- [GOAL OF THE EXERCISE] Repeat the entire listing exactly. Omit all pictures.

- [DATASET EXTRACT]
>>>>>
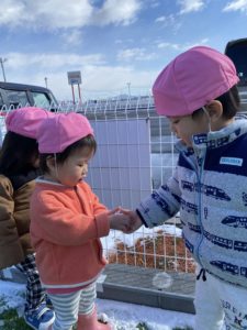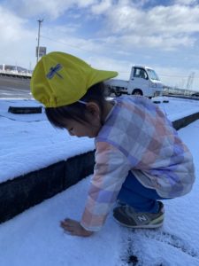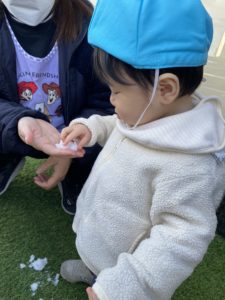 はじめは雪に触るのをためらっていた子も先生にさわらせてもらうと次は自分から触っていました(*^^*)
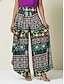 بنطلون واسع الساق من الساتان بطبعة زهور هندسية، مناسب للعطلات غير الرسمية
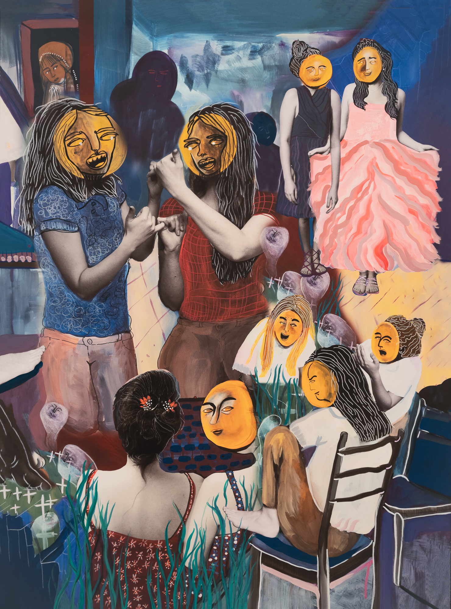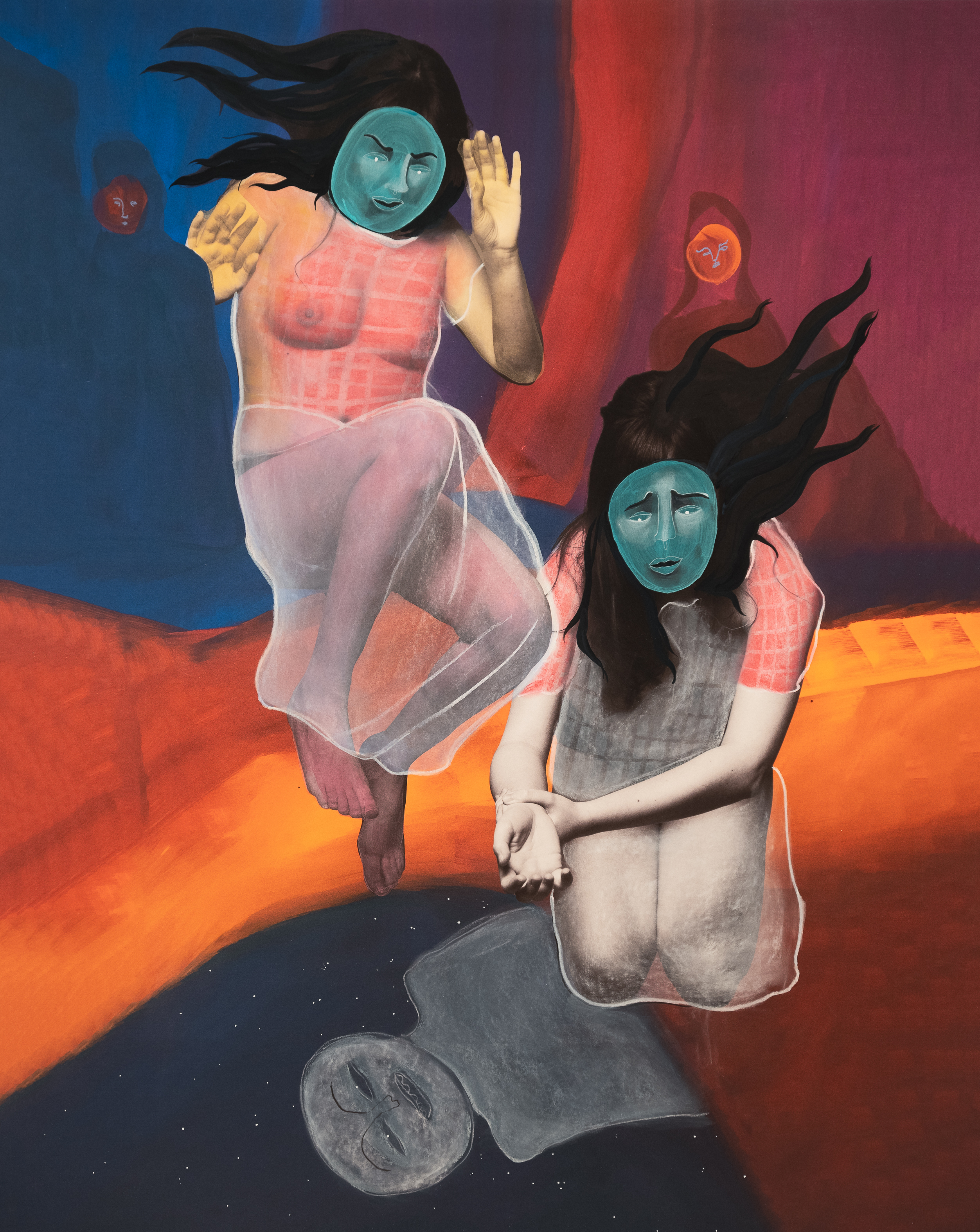 LG: The figures in Next to Myself are all self-portraits (except a few where before the covid shutdown I had my friend help as a model). I began by thinking about the different experiences I’ve had throughout my life and how the person I was at that time has made up who I am today. These are the “layers of the self” or from the title “layers of the Latinx Female Experience and Body” because as I take a look at what formed the layers of who I am, many of these experiences, dreams, memories, and feelings stem from growing up in a bicultural household. Through self-portraiture, which is the base of each piece, I am able to imagine what the different parts of myself would look like if they were to interact in the same space.
<<<<<
- [RESPONSE AREA]
 はじめは雪に触るのをためらっていた子も先生にさわらせてもらうと次は自分から触っていました(*^^*)
 بنطلون واسع الساق من الساتان بطبعة زهور هندسية، مناسب للعطلات غير الرسمية
 LG: The figures in Next to Myself are all self-portraits (except a few where before the covid shutdown I had my friend help as a model). I began by thinking about the different experiences I’ve had throughout my life and how the person I was at that time has made up who I am today. These are the “layers of the self” or from the title “layers of the Latinx Female Experience and Body” because as I take a look at what formed the layers of who I am, many of these experiences, dreams, memories, and feelings stem from growing up in a bicultural household. Through self-portraiture, which is the base of each piece, I am able to imagine what the different parts of myself would look like if they were to interact in the same space.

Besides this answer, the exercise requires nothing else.